There's also another way to think about the objective function. Suppose we have a guess about which variables are non-zero in the optimal solution. Represent this by a vector with $m$ elements, each either one or zero, which we will call $b$. Can we determine whether this set of subsets to use in the calculation is feasible, and if so, what the appropriate weights are? We can. Simply remove the columns of $A$ and the entries in $q$ corresponding to the $0$ entries in $b$, and solve the resulting problem in a least squares sense. If the solution is feasible, it will have a zero residual. Otherwise, it will have non-zero residuals. If we use $b$ as our input variable instead of $q$ we end up with a nicer objective function, with more restriction on available inputs (each entry of b can be either 1 or 0):
$$ \begin{align} \\ D(b) &= 1^Tb \end{align} $$
Now we just need to specify a set of constraints that make that objective function work. First, we specify the least squares problem we need to solve inside the constraint function: $$ \begin{align} \\ \bar{A}\bar{q} &= v(P^*) \end{align} $$
The least squares solution is : $$ \begin{align} \\ \hat{q} &= \argmin_{\bar{q}} (\bar{A}\bar{q} - v(P^*))^T (\bar{A}\bar{q} - v(P^*)) \\ \hat{q} &= \left(\bar{A}^T \bar{A} \right)^{-1} \bar{A}^T v(P^*) \\ \end{align} $$
And our constraint is $ (\bar{A}\hat{q} - v(P^*))^T(\bar{A}\hat{q} - v(P^*)) = 0 $. In this, it's important to note that $\bar{A}$ and $\hat{q}$ are functions of the input variable $b$.

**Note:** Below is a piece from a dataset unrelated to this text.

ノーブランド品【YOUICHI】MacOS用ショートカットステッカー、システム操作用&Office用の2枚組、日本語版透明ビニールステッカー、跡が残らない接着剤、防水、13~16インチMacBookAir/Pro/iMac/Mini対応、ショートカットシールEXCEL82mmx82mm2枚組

So, under this formulation of the problem, we have a linear binary programming problem with a nonlinear equality constraint.

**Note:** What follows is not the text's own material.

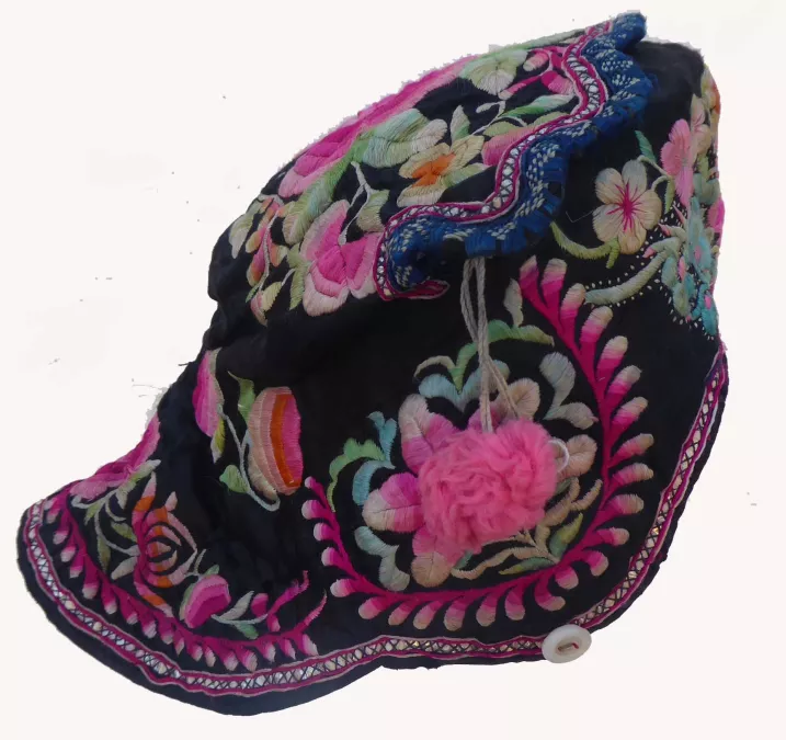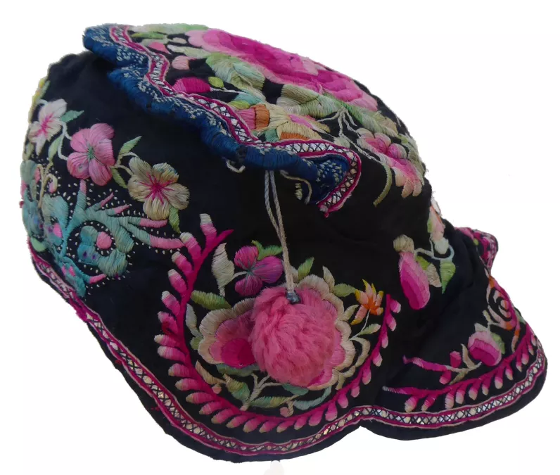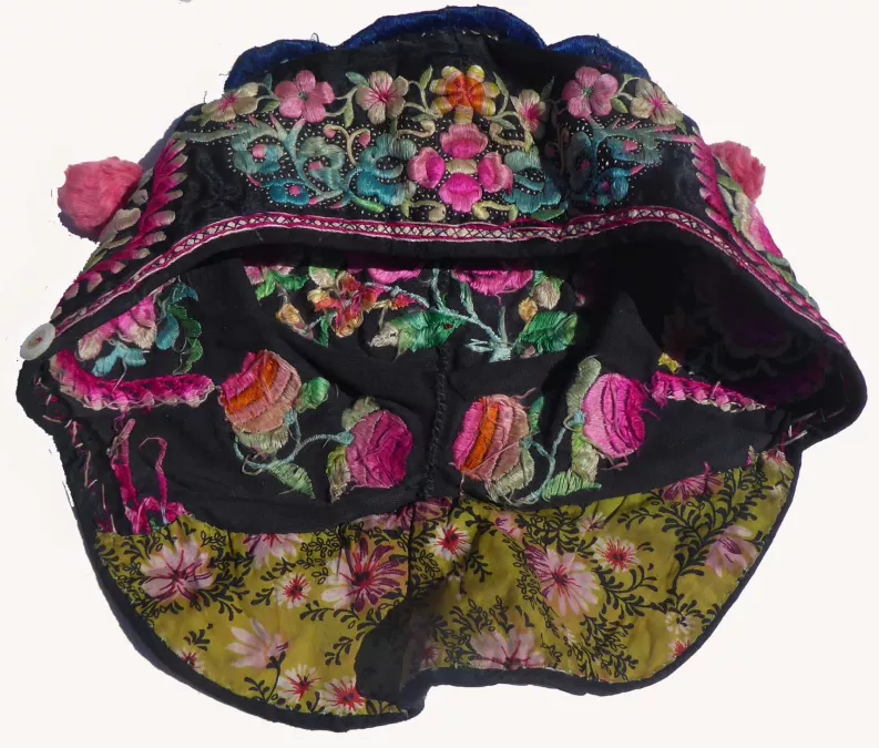 Sweet Bai Minority Silk Flower Wind Hat; Fine satin stitch silk embroidery over paper cuts made directly on black silk satin backed black cotton; Flowers include peonies for wealth and buddha hand’s as a wish for a prosperous and long life; additional fine touches include needle-woven borders, and couched paper foil edges plus 2 pompoms; bottom back is lined with a floral print; one pearl button; good condition but one damaged section of on the top peony; c1960; Dali area, Yunnan Province; 20” circumference.

Both of these types of problems are NP complete. There are, however, algorithms that can help solve these types of problems, or at least get somewhat close to an optimal solution, in a reasonable amount of computation time. For the first problem formulation, you can look at genetic/evolutionary global optimizers, or direct/pattern search algorithms. These are somewhat common, and included, for instance, in MATLAB's optimization toolbox. The second section approach is a pretty exotic problem, and probably shouldn't be the focus of your search for an optimizer, although I think there are some academic papers that might help solve that formulation.